#### Aim of the task:
Transcribe each record precisely; images stay out.

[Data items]
******

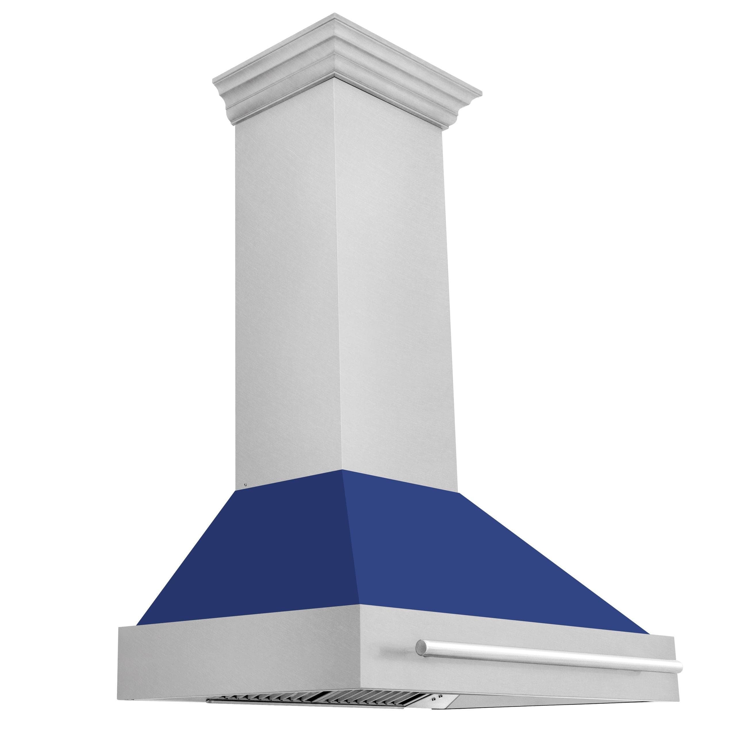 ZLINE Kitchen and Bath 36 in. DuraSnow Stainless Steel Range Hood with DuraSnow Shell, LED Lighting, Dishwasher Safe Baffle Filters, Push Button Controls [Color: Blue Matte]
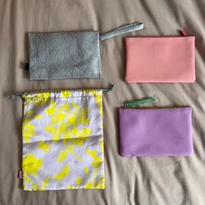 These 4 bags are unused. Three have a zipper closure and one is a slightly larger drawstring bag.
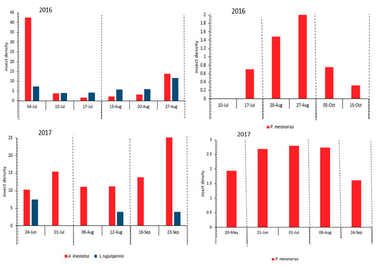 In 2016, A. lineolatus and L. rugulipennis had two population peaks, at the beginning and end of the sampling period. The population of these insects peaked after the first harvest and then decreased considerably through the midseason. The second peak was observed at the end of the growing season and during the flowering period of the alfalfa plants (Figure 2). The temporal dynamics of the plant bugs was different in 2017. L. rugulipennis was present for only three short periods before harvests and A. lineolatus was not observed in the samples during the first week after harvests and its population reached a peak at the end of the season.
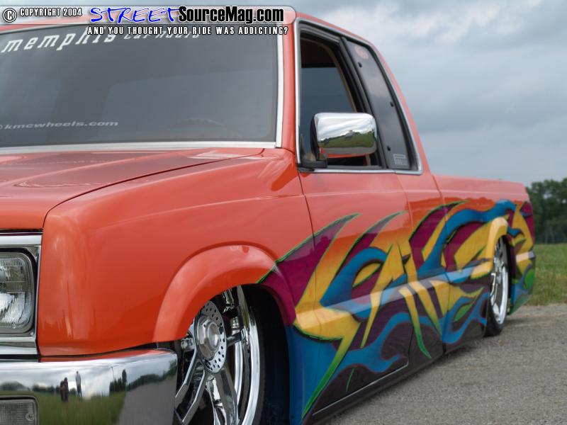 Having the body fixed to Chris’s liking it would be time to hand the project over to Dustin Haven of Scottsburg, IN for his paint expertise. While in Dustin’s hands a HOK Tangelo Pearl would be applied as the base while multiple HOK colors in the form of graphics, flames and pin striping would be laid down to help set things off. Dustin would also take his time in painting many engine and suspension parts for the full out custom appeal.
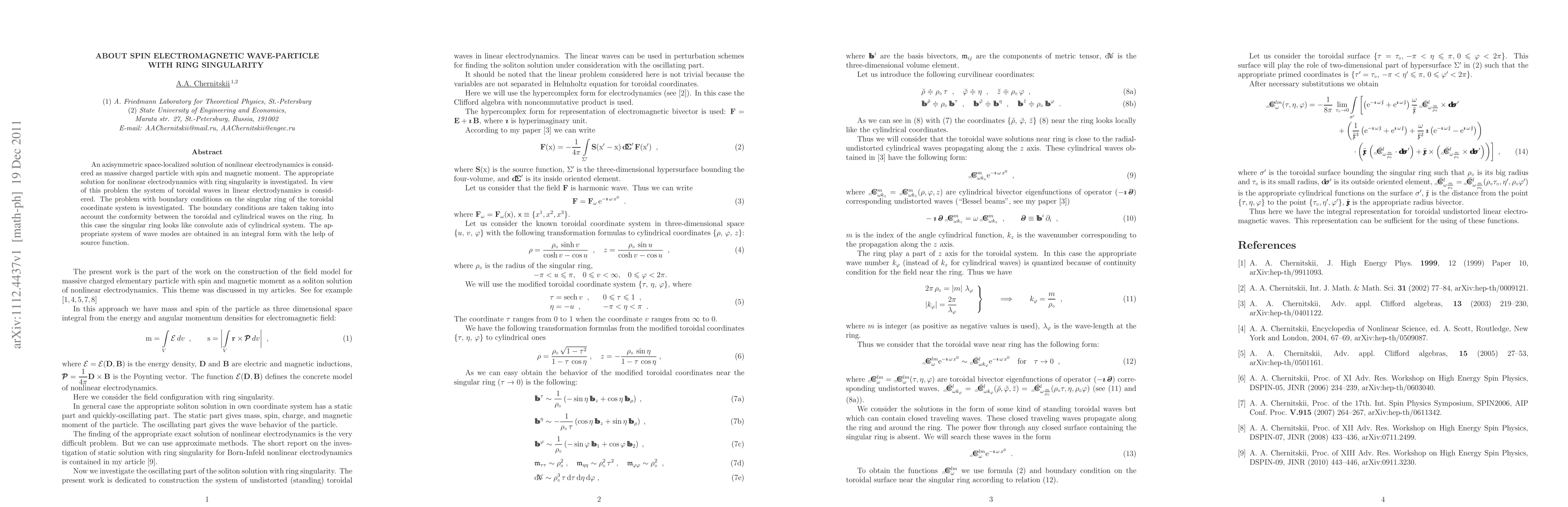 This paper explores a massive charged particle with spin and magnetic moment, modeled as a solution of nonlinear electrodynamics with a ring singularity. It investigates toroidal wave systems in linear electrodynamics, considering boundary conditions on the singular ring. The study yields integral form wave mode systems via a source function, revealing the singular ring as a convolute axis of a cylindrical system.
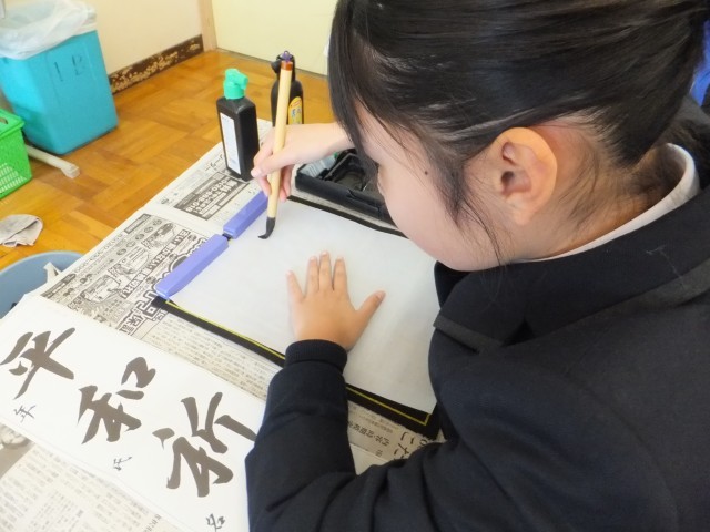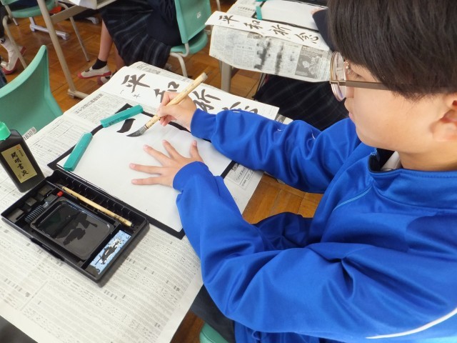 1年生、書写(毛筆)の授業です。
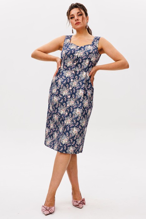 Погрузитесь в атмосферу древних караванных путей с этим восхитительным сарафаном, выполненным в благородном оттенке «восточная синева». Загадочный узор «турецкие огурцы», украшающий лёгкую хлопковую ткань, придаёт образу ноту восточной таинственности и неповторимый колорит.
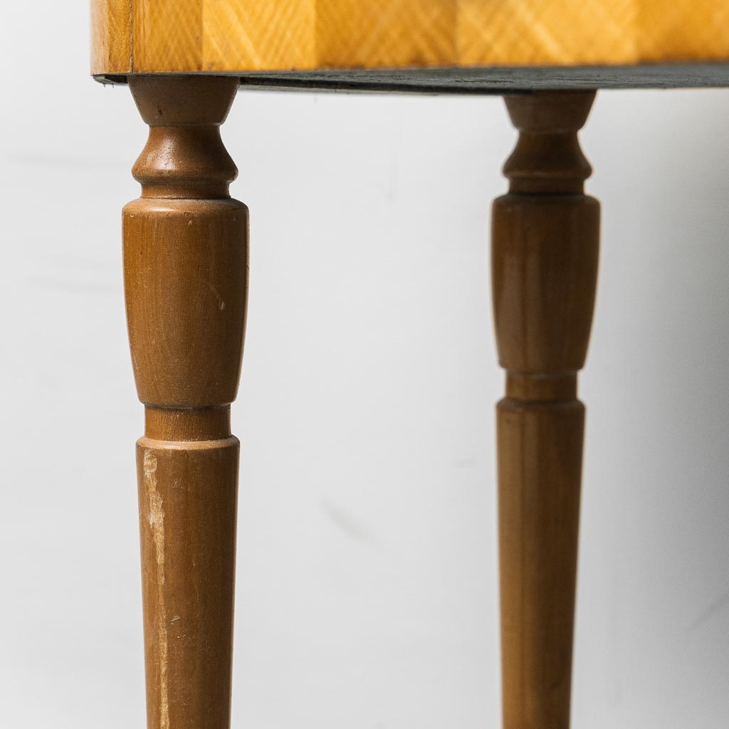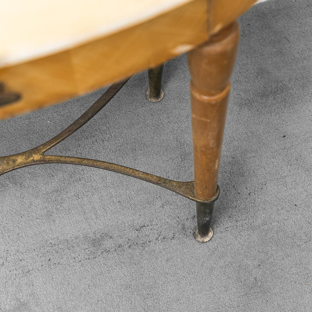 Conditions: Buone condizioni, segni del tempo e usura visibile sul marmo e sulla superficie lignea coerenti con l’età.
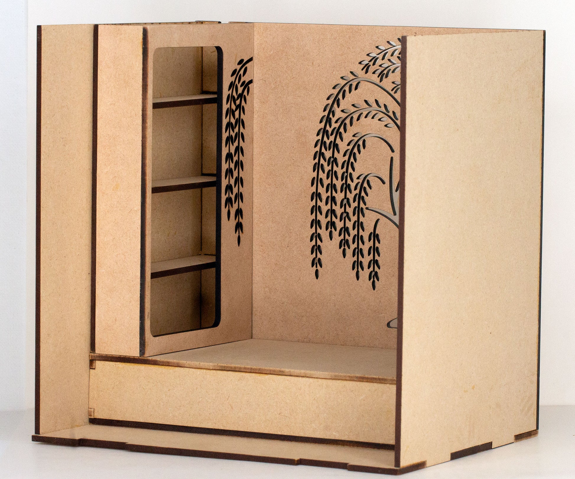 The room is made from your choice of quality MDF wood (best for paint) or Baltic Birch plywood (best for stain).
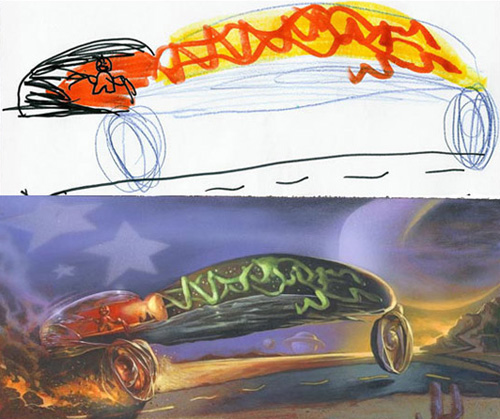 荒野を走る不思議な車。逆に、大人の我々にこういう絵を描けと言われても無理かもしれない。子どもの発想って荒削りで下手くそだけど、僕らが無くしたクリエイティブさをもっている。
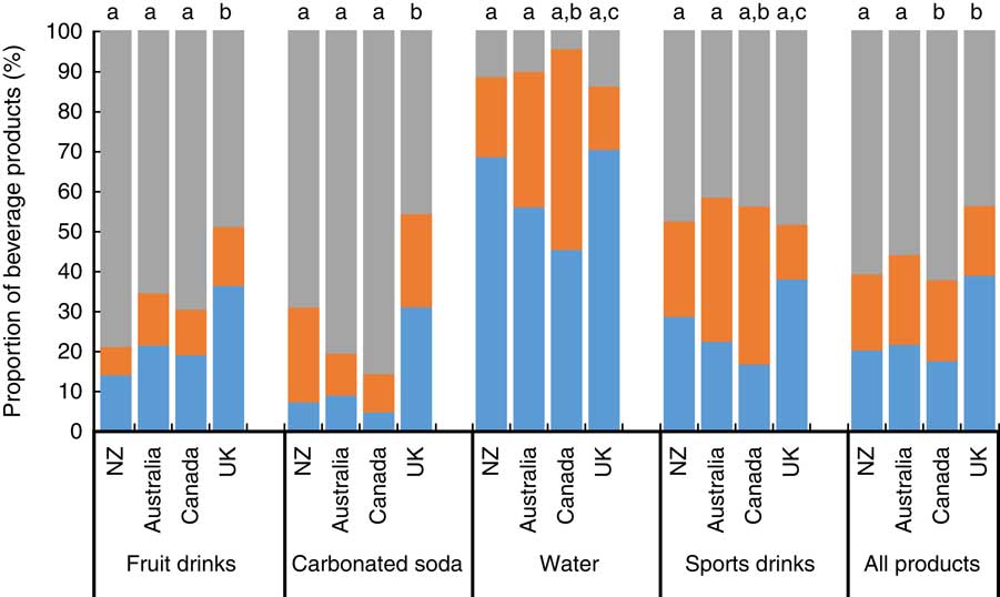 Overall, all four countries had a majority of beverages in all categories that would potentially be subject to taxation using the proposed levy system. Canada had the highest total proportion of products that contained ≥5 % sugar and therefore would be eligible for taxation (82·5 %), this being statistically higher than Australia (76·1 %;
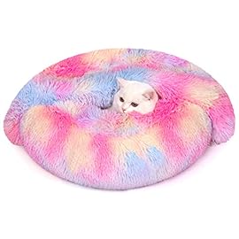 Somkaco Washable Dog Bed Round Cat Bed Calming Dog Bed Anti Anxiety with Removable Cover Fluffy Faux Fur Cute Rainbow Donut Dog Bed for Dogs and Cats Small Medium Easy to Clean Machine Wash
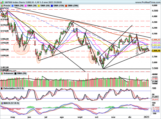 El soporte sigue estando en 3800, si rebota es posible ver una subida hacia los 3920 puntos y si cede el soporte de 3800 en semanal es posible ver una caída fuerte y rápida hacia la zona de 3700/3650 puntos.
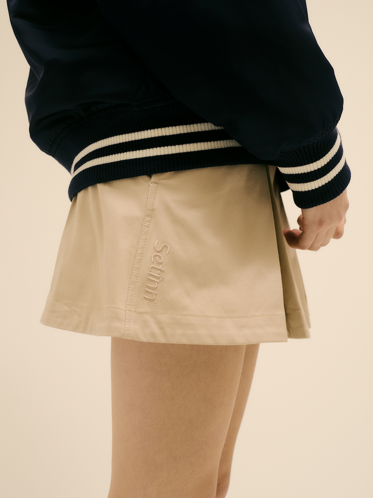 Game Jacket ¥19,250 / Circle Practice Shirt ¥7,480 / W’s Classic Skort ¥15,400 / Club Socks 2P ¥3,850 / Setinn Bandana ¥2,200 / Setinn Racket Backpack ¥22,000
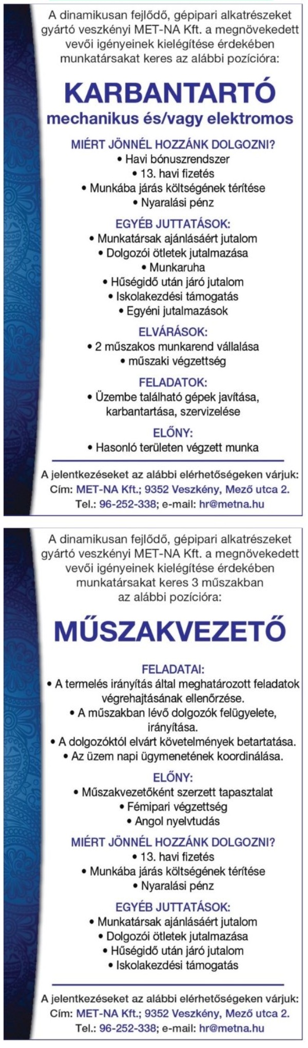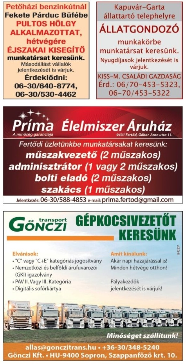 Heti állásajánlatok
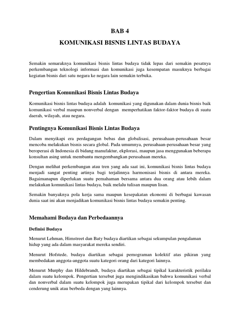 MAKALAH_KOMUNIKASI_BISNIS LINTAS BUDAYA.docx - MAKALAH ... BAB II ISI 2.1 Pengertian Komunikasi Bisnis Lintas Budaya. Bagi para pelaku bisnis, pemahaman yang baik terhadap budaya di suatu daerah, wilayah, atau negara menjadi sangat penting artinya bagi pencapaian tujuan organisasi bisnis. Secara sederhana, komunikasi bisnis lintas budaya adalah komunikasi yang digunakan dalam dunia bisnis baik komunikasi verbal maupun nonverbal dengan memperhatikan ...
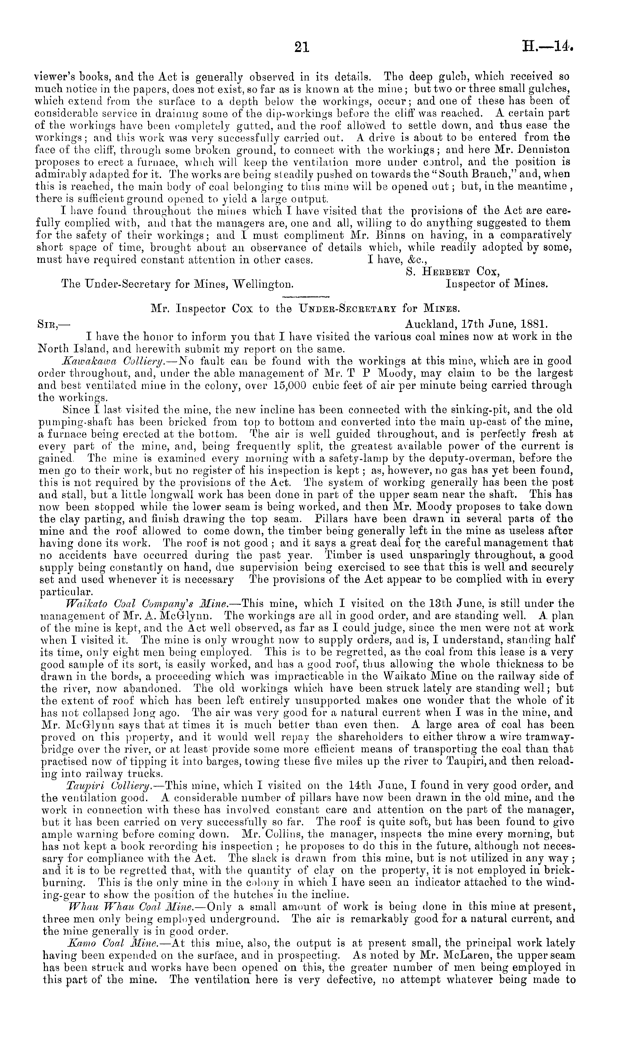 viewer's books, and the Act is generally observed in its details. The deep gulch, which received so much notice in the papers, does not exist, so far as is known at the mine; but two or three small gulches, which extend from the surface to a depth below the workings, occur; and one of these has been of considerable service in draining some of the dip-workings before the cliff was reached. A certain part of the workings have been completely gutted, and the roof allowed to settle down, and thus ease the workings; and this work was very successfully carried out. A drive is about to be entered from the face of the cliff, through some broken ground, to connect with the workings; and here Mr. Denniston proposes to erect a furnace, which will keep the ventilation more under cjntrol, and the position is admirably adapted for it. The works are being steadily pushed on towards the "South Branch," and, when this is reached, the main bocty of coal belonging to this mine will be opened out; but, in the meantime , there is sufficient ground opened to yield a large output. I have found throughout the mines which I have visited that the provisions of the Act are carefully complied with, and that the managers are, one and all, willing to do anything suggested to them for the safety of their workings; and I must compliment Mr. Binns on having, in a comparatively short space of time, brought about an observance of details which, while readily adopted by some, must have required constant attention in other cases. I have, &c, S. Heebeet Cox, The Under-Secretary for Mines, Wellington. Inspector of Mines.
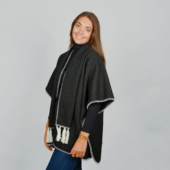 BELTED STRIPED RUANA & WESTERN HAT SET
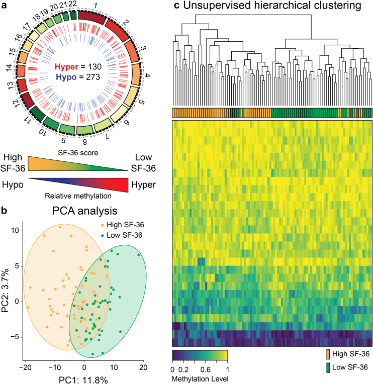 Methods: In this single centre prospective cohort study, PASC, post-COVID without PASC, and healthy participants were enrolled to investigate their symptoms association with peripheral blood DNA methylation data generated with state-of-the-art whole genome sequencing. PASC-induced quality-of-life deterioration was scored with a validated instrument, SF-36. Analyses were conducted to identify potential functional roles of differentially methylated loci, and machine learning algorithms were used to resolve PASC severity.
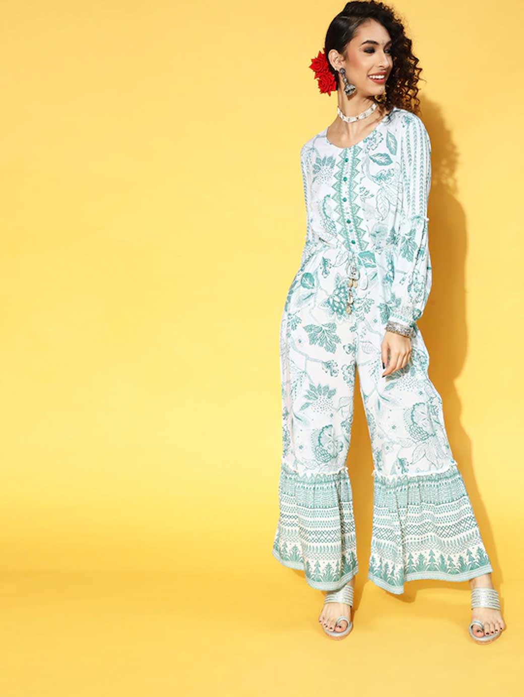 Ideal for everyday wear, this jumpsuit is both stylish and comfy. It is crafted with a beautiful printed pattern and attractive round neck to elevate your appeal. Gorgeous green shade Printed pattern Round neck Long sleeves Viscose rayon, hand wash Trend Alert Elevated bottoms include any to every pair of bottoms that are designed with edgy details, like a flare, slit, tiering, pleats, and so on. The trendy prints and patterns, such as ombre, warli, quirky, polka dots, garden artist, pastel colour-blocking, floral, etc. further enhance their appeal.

******

#### Task solution:
 ZLINE Kitchen and Bath 36 in. DuraSnow Stainless Steel Range Hood with DuraSnow Shell, LED Lighting, Dishwasher Safe Baffle Filters, Push Button Controls [Color: Blue Matte]
 These 4 bags are unused. Three have a zipper closure and one is a slightly larger drawstring bag.
 In 2016, A. lineolatus and L. rugulipennis had two population peaks, at the beginning and end of the sampling period. The population of these insects peaked after the first harvest and then decreased considerably through the midseason. The second peak was observed at the end of the growing season and during the flowering period of the alfalfa plants (Figure 2). The temporal dynamics of the plant bugs was different in 2017. L. rugulipennis was present for only three short periods before harvests and A. lineolatus was not observed in the samples during the first week after harvests and its population reached a peak at the end of the season.
 Having the body fixed to Chris’s liking it would be time to hand the project over to Dustin Haven of Scottsburg, IN for his paint expertise. While in Dustin’s hands a HOK Tangelo Pearl would be applied as the base while multiple HOK colors in the form of graphics, flames and pin striping would be laid down to help set things off. Dustin would also take his time in painting many engine and suspension parts for the full out custom appeal.
 This paper explores a massive charged particle with spin and magnetic moment, modeled as a solution of nonlinear electrodynamics with a ring singularity. It investigates toroidal wave systems in linear electrodynamics, considering boundary conditions on the singular ring. The study yields integral form wave mode systems via a source function, revealing the singular ring as a convolute axis of a cylindrical system.
 1年生、書写(毛筆)の授業です。
 Погрузитесь в атмосферу древних караванных путей с этим восхитительным сарафаном, выполненным в благородном оттенке «восточная синева». Загадочный узор «турецкие огурцы», украшающий лёгкую хлопковую ткань, придаёт образу ноту восточной таинственности и неповторимый колорит.
 Conditions: Buone condizioni, segni del tempo e usura visibile sul marmo e sulla superficie lignea coerenti con l’età.
 The room is made from your choice of quality MDF wood (best for paint) or Baltic Birch plywood (best for stain).
 荒野を走る不思議な車。逆に、大人の我々にこういう絵を描けと言われても無理かもしれない。子どもの発想って荒削りで下手くそだけど、僕らが無くしたクリエイティブさをもっている。
 Overall, all four countries had a majority of beverages in all categories that would potentially be subject to taxation using the proposed levy system. Canada had the highest total proportion of products that contained ≥5 % sugar and therefore would be eligible for taxation (82·5 %), this being statistically higher than Australia (76·1 %;
 Somkaco Washable Dog Bed Round Cat Bed Calming Dog Bed Anti Anxiety with Removable Cover Fluffy Faux Fur Cute Rainbow Donut Dog Bed for Dogs and Cats Small Medium Easy to Clean Machine Wash
 El soporte sigue estando en 3800, si rebota es posible ver una subida hacia los 3920 puntos y si cede el soporte de 3800 en semanal es posible ver una caída fuerte y rápida hacia la zona de 3700/3650 puntos.
 Game Jacket ¥19,250 / Circle Practice Shirt ¥7,480 / W’s Classic Skort ¥15,400 / Club Socks 2P ¥3,850 / Setinn Bandana ¥2,200 / Setinn Racket Backpack ¥22,000
 Heti állásajánlatok
 MAKALAH_KOMUNIKASI_BISNIS LINTAS BUDAYA.docx - MAKALAH ... BAB II ISI 2.1 Pengertian Komunikasi Bisnis Lintas Budaya. Bagi para pelaku bisnis, pemahaman yang baik terhadap budaya di suatu daerah, wilayah, atau negara menjadi sangat penting artinya bagi pencapaian tujuan organisasi bisnis. Secara sederhana, komunikasi bisnis lintas budaya adalah komunikasi yang digunakan dalam dunia bisnis baik komunikasi verbal maupun nonverbal dengan memperhatikan ...
 viewer's books, and the Act is generally observed in its details. The deep gulch, which received so much notice in the papers, does not exist, so far as is known at the mine; but two or three small gulches, which extend from the surface to a depth below the workings, occur; and one of these has been of considerable service in draining some of the dip-workings before the cliff was reached. A certain part of the workings have been completely gutted, and the roof allowed to settle down, and thus ease the workings; and this work was very successfully carried out. A drive is about to be entered from the face of the cliff, through some broken ground, to connect with the workings; and here Mr. Denniston proposes to erect a furnace, which will keep the ventilation more under cjntrol, and the position is admirably adapted for it. The works are being steadily pushed on towards the "South Branch," and, when this is reached, the main bocty of coal belonging to this mine will be opened out; but, in the meantime , there is sufficient ground opened to yield a large output. I have found throughout the mines which I have visited that the provisions of the Act are carefully complied with, and that the managers are, one and all, willing to do anything suggested to them for the safety of their workings; and I must compliment Mr. Binns on having, in a comparatively short space of time, brought about an observance of details which, while readily adopted by some, must have required constant attention in other cases. I have, &c, S. Heebeet Cox, The Under-Secretary for Mines, Wellington. Inspector of Mines.
 BELTED STRIPED RUANA & WESTERN HAT SET
 Methods: In this single centre prospective cohort study, PASC, post-COVID without PASC, and healthy participants were enrolled to investigate their symptoms association with peripheral blood DNA methylation data generated with state-of-the-art whole genome sequencing. PASC-induced quality-of-life deterioration was scored with a validated instrument, SF-36. Analyses were conducted to identify potential functional roles of differentially methylated loci, and machine learning algorithms were used to resolve PASC severity.
 Ideal for everyday wear, this jumpsuit is both stylish and comfy. It is crafted with a beautiful printed pattern and attractive round neck to elevate your appeal. Gorgeous green shade Printed pattern Round neck Long sleeves Viscose rayon, hand wash Trend Alert Elevated bottoms include any to every pair of bottoms that are designed with edgy details, like a flare, slit, tiering, pleats, and so on. The trendy prints and patterns, such as ombre, warli, quirky, polka dots, garden artist, pastel colour-blocking, floral, etc. further enhance their appeal.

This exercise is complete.